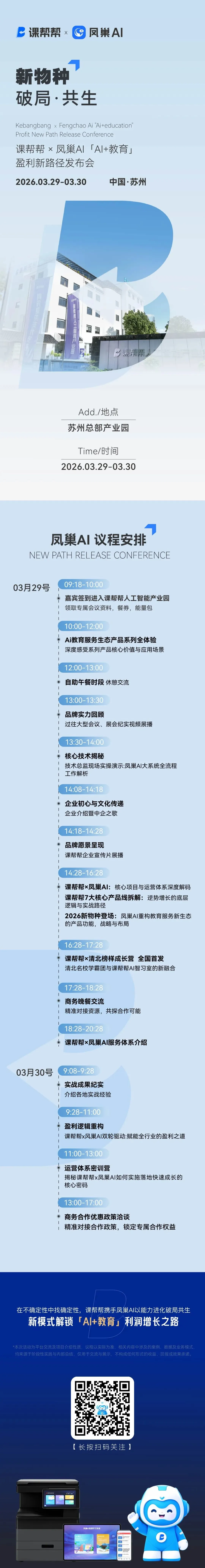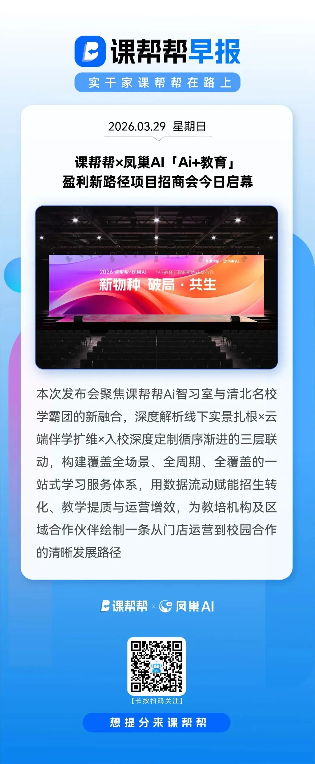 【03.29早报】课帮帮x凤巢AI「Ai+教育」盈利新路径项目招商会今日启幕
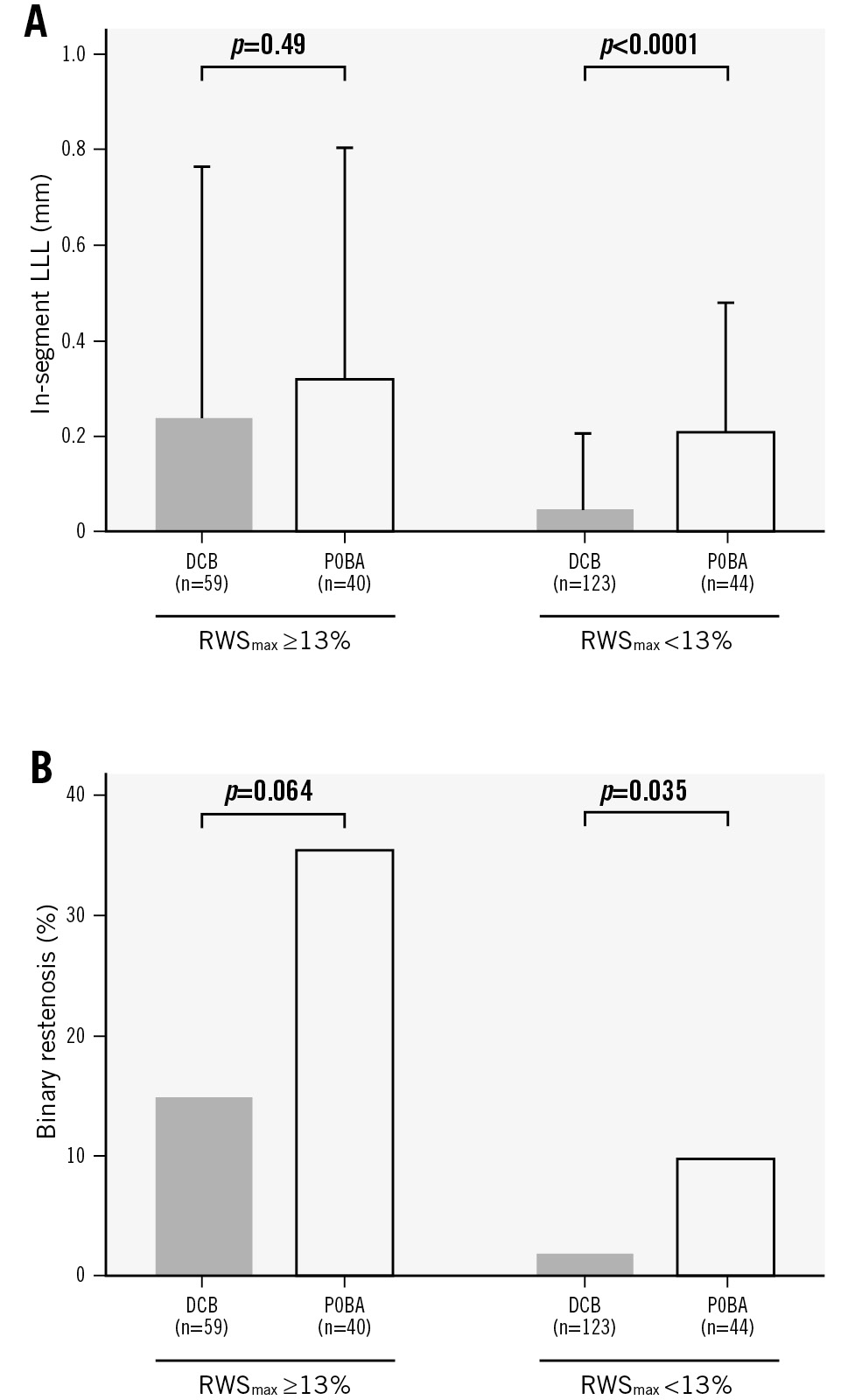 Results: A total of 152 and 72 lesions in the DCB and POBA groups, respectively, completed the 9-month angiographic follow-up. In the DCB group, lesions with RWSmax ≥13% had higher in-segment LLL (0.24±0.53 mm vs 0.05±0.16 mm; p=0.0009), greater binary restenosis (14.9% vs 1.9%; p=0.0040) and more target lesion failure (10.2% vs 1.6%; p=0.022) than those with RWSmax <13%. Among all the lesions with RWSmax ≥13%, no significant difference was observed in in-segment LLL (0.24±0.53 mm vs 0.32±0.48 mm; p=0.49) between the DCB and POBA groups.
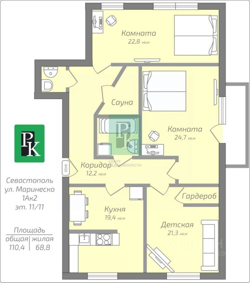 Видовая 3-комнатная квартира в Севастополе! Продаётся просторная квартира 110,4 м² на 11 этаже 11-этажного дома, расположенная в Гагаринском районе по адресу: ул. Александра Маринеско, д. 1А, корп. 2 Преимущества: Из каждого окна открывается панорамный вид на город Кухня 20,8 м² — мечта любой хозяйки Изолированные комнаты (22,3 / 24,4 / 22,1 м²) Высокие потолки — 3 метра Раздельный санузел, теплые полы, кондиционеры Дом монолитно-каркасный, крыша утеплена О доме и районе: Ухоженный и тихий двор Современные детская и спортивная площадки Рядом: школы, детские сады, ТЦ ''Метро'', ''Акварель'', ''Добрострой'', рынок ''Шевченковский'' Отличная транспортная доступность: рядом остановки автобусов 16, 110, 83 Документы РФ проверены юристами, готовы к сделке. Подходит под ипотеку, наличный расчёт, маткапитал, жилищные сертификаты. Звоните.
+++++
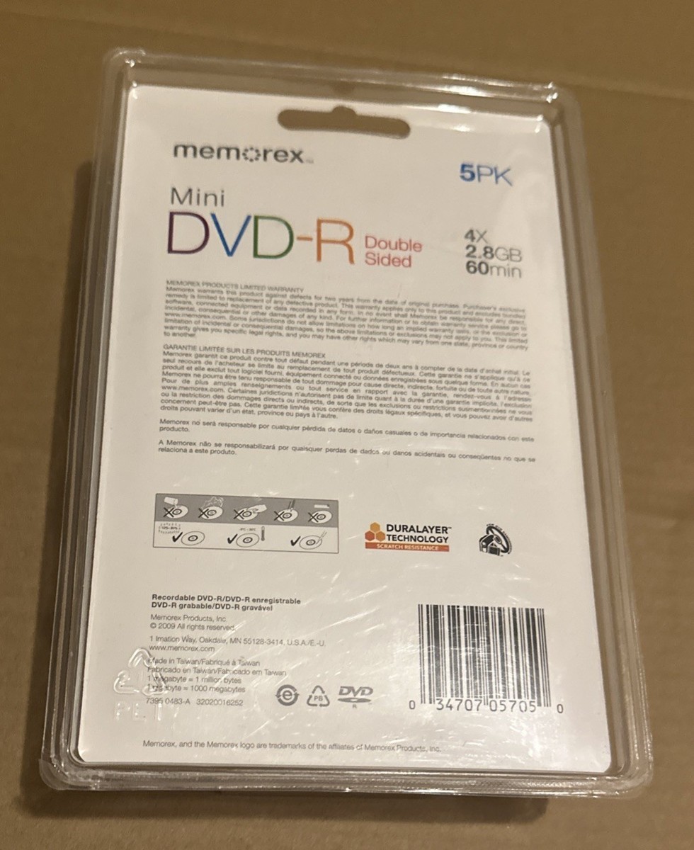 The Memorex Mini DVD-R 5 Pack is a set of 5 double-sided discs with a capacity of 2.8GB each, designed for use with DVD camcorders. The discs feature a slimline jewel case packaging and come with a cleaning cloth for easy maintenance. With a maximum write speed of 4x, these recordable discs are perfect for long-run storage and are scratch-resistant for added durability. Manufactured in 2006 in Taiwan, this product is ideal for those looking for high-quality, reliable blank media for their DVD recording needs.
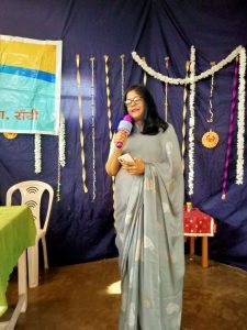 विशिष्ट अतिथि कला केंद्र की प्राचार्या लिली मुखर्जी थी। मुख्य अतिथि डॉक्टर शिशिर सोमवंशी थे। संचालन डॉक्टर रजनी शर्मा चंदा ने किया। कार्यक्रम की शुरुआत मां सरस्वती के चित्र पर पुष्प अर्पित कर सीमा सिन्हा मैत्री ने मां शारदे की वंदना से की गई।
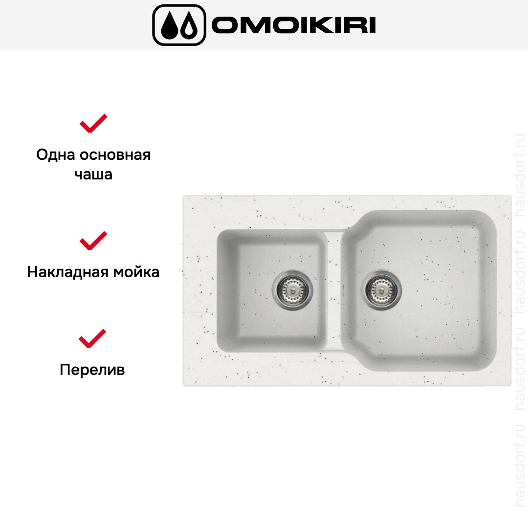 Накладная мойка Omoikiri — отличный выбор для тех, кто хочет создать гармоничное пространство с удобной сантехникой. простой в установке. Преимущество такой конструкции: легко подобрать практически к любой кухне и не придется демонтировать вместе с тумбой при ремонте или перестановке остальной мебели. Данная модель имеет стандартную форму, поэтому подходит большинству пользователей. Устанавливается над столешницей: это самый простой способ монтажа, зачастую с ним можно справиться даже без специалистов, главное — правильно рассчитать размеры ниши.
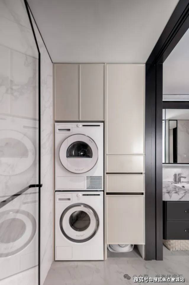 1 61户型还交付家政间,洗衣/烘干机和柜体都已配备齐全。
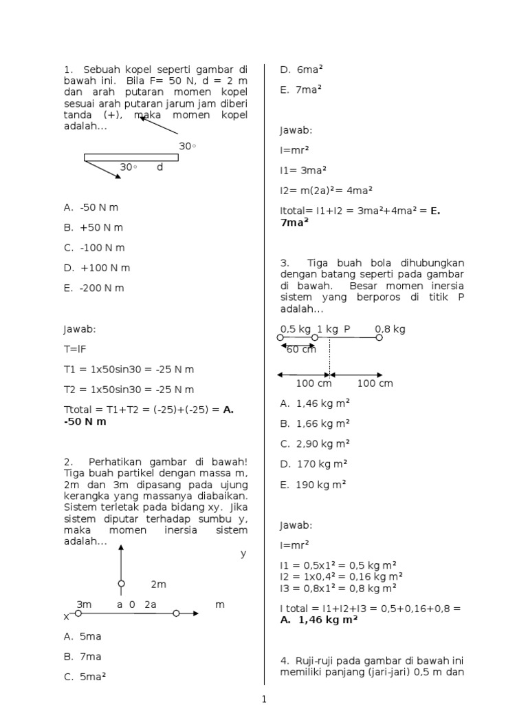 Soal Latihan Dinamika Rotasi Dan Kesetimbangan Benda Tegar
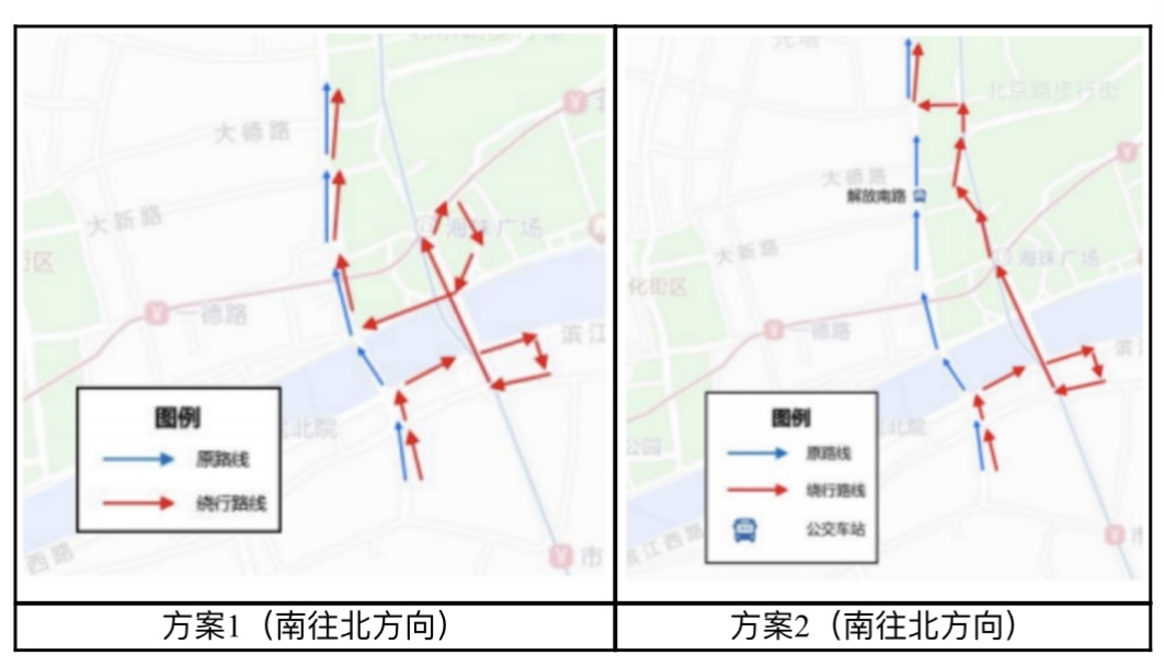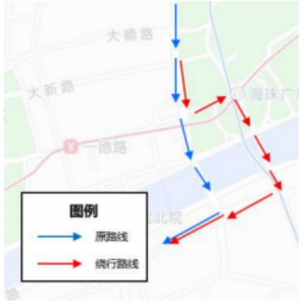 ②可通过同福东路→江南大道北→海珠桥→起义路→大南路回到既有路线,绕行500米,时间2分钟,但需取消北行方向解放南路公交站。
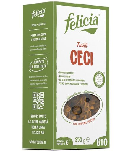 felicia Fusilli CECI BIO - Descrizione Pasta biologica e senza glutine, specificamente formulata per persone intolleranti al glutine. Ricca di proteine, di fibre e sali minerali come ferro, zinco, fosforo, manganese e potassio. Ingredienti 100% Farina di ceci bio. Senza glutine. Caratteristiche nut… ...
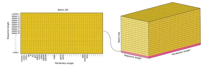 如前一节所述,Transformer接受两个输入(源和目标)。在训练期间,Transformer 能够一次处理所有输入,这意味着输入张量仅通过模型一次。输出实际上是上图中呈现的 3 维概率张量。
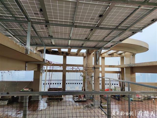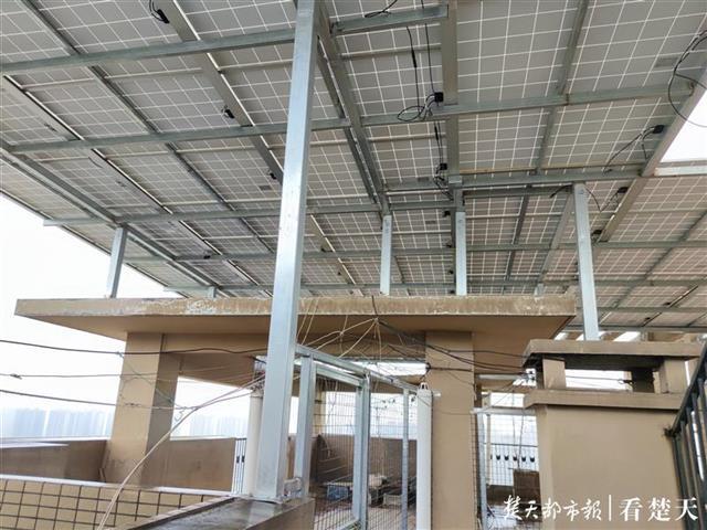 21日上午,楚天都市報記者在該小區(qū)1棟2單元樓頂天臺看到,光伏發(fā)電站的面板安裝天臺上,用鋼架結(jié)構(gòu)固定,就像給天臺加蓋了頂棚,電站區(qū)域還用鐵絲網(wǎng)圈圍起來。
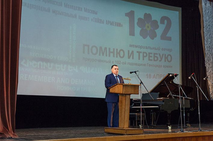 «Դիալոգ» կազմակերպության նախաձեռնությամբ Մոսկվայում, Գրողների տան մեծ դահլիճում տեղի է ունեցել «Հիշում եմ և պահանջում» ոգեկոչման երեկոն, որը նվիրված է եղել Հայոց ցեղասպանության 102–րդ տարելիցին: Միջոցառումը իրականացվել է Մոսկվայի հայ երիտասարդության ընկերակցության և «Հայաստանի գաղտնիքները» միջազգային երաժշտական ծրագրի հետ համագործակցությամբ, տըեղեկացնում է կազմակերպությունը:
+++++
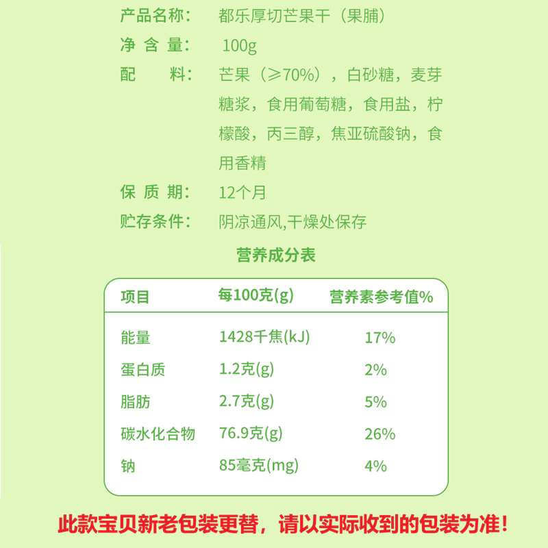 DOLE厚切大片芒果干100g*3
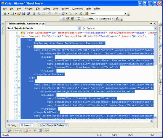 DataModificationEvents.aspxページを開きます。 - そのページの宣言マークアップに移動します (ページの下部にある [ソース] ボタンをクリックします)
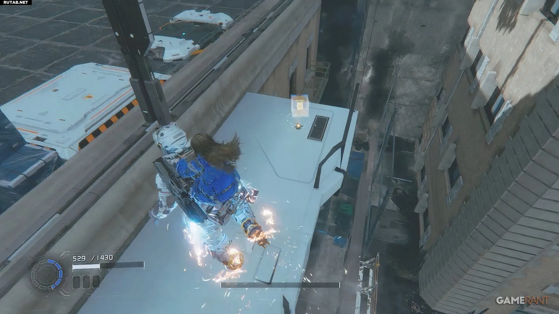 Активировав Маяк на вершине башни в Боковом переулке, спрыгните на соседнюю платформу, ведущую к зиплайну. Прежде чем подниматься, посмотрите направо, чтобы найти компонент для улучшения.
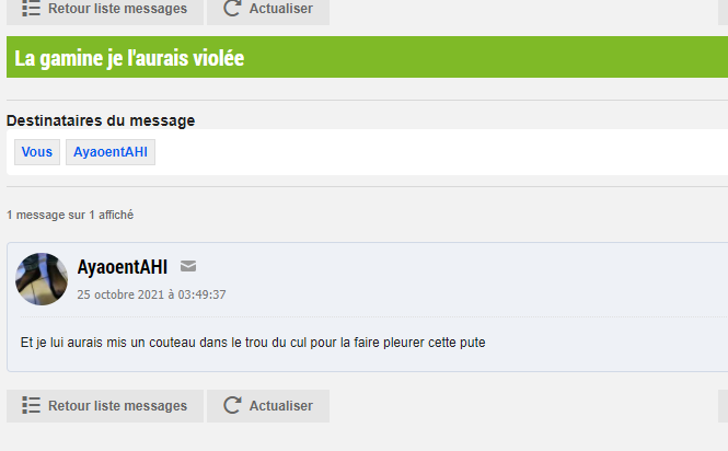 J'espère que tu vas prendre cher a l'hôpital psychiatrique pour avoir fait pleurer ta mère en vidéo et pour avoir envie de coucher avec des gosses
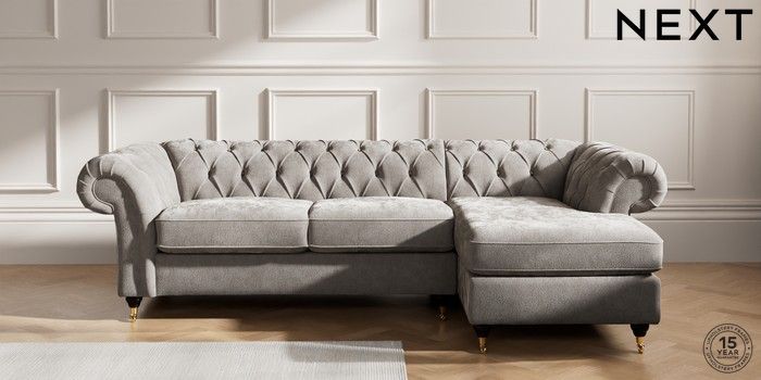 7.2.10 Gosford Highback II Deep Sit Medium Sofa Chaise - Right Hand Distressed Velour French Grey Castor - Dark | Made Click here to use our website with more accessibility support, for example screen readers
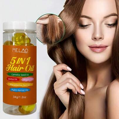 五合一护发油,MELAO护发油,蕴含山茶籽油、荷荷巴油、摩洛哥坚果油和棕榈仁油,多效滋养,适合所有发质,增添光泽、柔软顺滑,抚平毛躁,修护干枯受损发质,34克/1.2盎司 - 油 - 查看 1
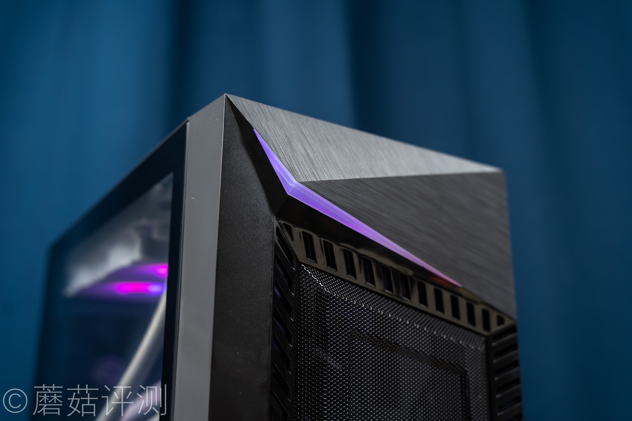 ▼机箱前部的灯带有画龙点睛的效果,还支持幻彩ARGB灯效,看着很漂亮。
+++++
With pictures excluded, reproduce exactly the lines above from the one containing "felicia Fusilli CECI" down to the one containing "նախաձեռնությամբ Մոսկվայում, Գրողների", those two included.

 felicia Fusilli CECI BIO - Descrizione Pasta biologica e senza glutine, specificamente formulata per persone intolleranti al glutine. Ricca di proteine, di fibre e sali minerali come ferro, zinco, fosforo, manganese e potassio. Ingredienti 100% Farina di ceci bio. Senza glutine. Caratteristiche nut… ...
 如前一节所述,Transformer接受两个输入(源和目标)。在训练期间,Transformer 能够一次处理所有输入,这意味着输入张量仅通过模型一次。输出实际上是上图中呈现的 3 维概率张量。
 21日上午,楚天都市報記者在該小區(qū)1棟2單元樓頂天臺看到,光伏發(fā)電站的面板安裝天臺上,用鋼架結(jié)構(gòu)固定,就像給天臺加蓋了頂棚,電站區(qū)域還用鐵絲網(wǎng)圈圍起來。
 «Դիալոգ» կազմակերպության նախաձեռնությամբ Մոսկվայում, Գրողների տան մեծ դահլիճում տեղի է ունեցել «Հիշում եմ և պահանջում» ոգեկոչման երեկոն, որը նվիրված է եղել Հայոց ցեղասպանության 102–րդ տարելիցին: Միջոցառումը իրականացվել է Մոսկվայի հայ երիտասարդության ընկերակցության և «Հայաստանի գաղտնիքները» միջազգային երաժշտական ծրագրի հետ համագործակցությամբ, տըեղեկացնում է կազմակերպությունը:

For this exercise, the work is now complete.